I was sad to read that Maureen O’Hara (pictured) died. She was a fine actress, unafraid to talk about her Catholic faith, and a true giant of the silver screen. Because my father was 49 when I was born, my taste in movies tends to be his, and above all actors, he loved John Wayne, and I have to admit he was my first (and longest-lasting) crush. I remember watching The Quiet Man for the first time, and as little girls will, imagined myself the heroine – Mary Kate; that I am a red-head with a bit of a temper made that easier. I felt so cross with the Irish system which meant that she and John Wayne couldn’t play ‘patty-cakes’ without a chaperone, and quite indignant when she was silly enough to reject him; my daddy said I got very cross. I still recall the way I felt when John Wayne grabbed her in the cottage she’d crept in to clean for him; I didn’t understand it then, but later realised it was the way a woman feels when there is a strong man she can trust.
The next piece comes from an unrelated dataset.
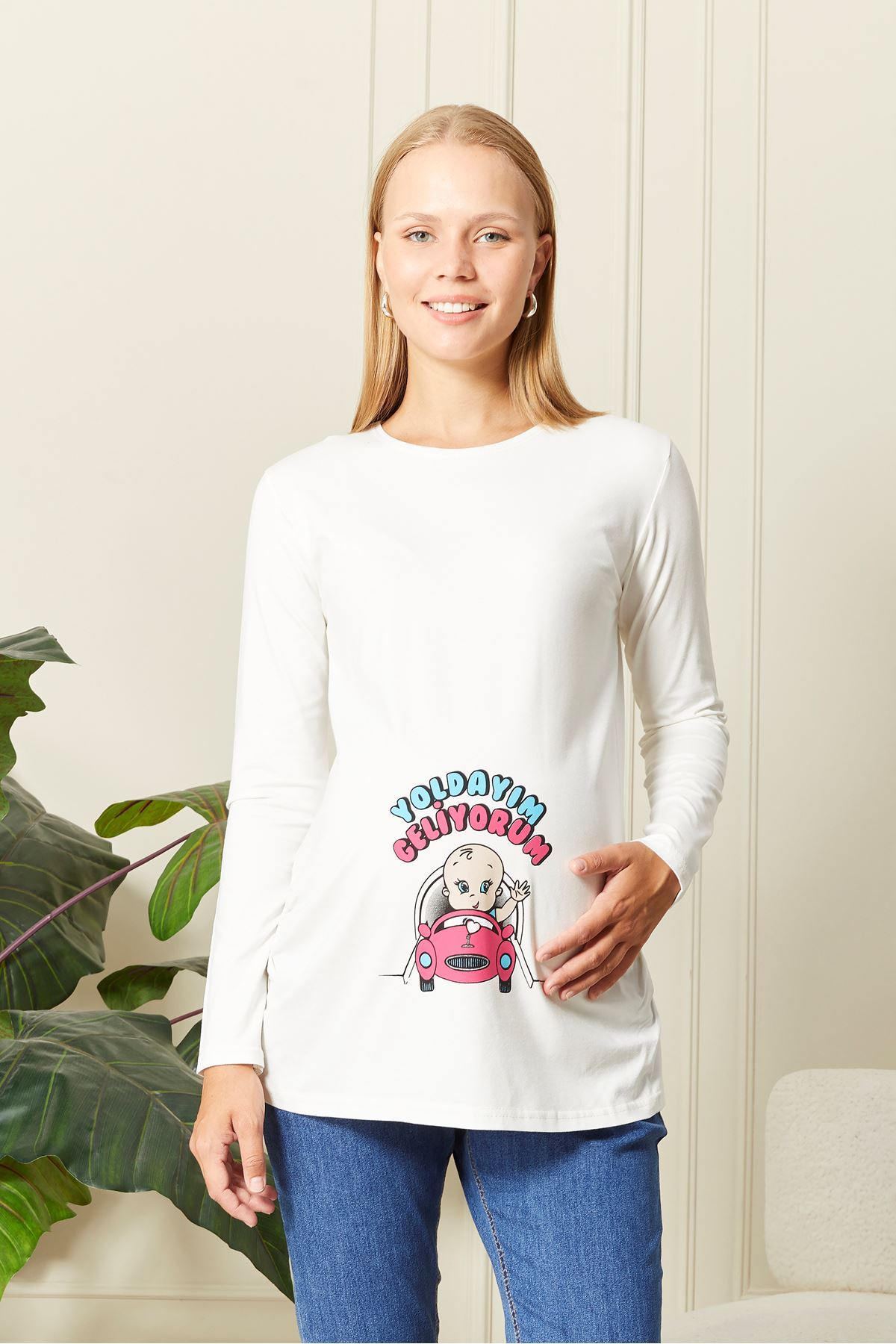 Uzun Kollu Baskılı Hamile Tişört

There’s altogether too much written on male-female relationships implying that women should be the equal of men. I never understood why anyone would want to aim low!  Of course I want, as every woman wants, to be treated with respect, and if I do the work a guy does, it is right to pay me the same wage. But I don’t want a guy in a pinny doing the dishes, and I don’t want a guy who can’t fix whatever it is went wrong in the house; and I most emphatically don’t want someone to treat me as though I was a man!
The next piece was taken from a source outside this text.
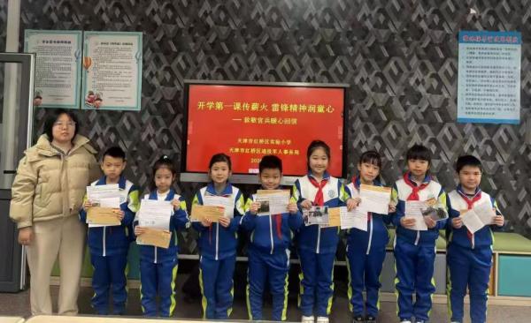 红桥区实验小学作为国防示范校,联合区退役军人事务局开展系列主题活动,春节前组织学生创作书画寄往边疆哨所,新学期收到边防官兵暖心回信后开展主题活动,学生朗读回信、传阅戍边照片,将雷锋精神与爱国拥军情怀融入开学第一课。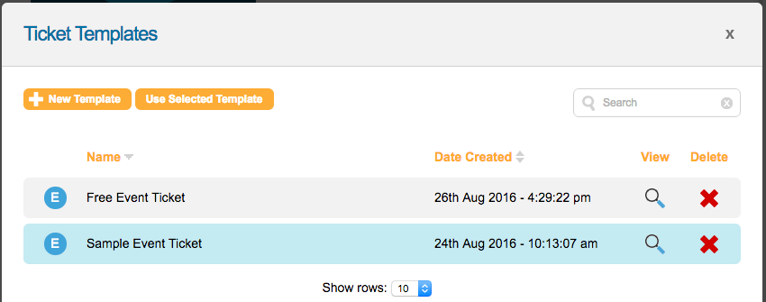 To create a new ticket template, click on the edit icon next to the ticket dropdown menu to open the ticket template library.

When God made them male and female, I guess he knew what he was about. I’m fine with being a help to others – including men. I don’t regard the idea of being a hand-maid of the Lord as in any way demeaning. Our beloved Mother Mary gloried in it, and I’m happy to be a lesser member of that band. Christians are called to service, and John Ford touched something profound when he had Mary Kate just go into that cottage and clean it up for her man; she was laying a claim to him in her own way. We women will do that. There’s altogether too much said about sex, as though it was all there was to the male-female relationship. Surely, in its place, it matters, not least because it’s where the next generation are going to be created, which is why it should be in a loving marriage; that’s the natural nest for the child/children.
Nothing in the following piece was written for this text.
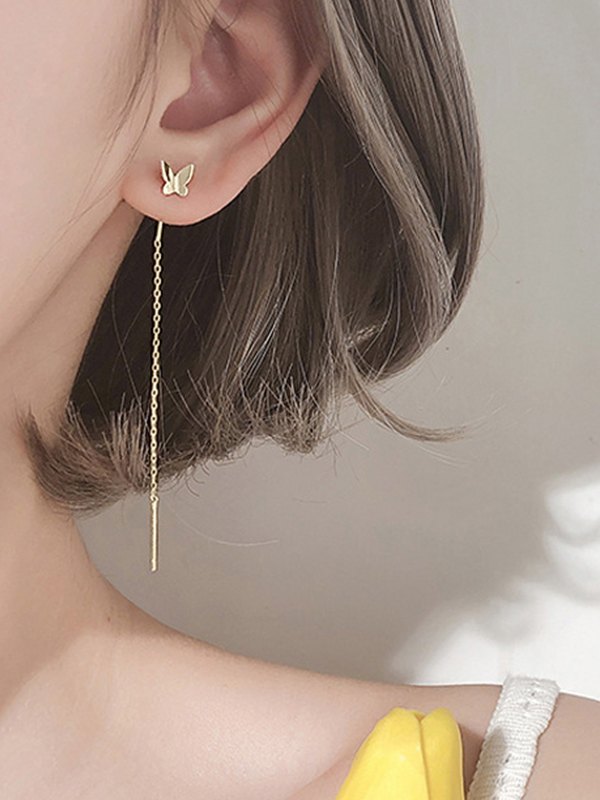Pendientes colgantes de cadena con borla y dije de mariposa

We are now towards the end of Advent, a period marking God’s emptying of himself to become man, to live among us and to suffer our keenest woes and all for love, all because he loves us. And who was it nurtured him? His mother. And who was it taught his strong hands at the plane and the lathe? His father, Joseph. If it was good enough for Jesus, then it’s good enough for us.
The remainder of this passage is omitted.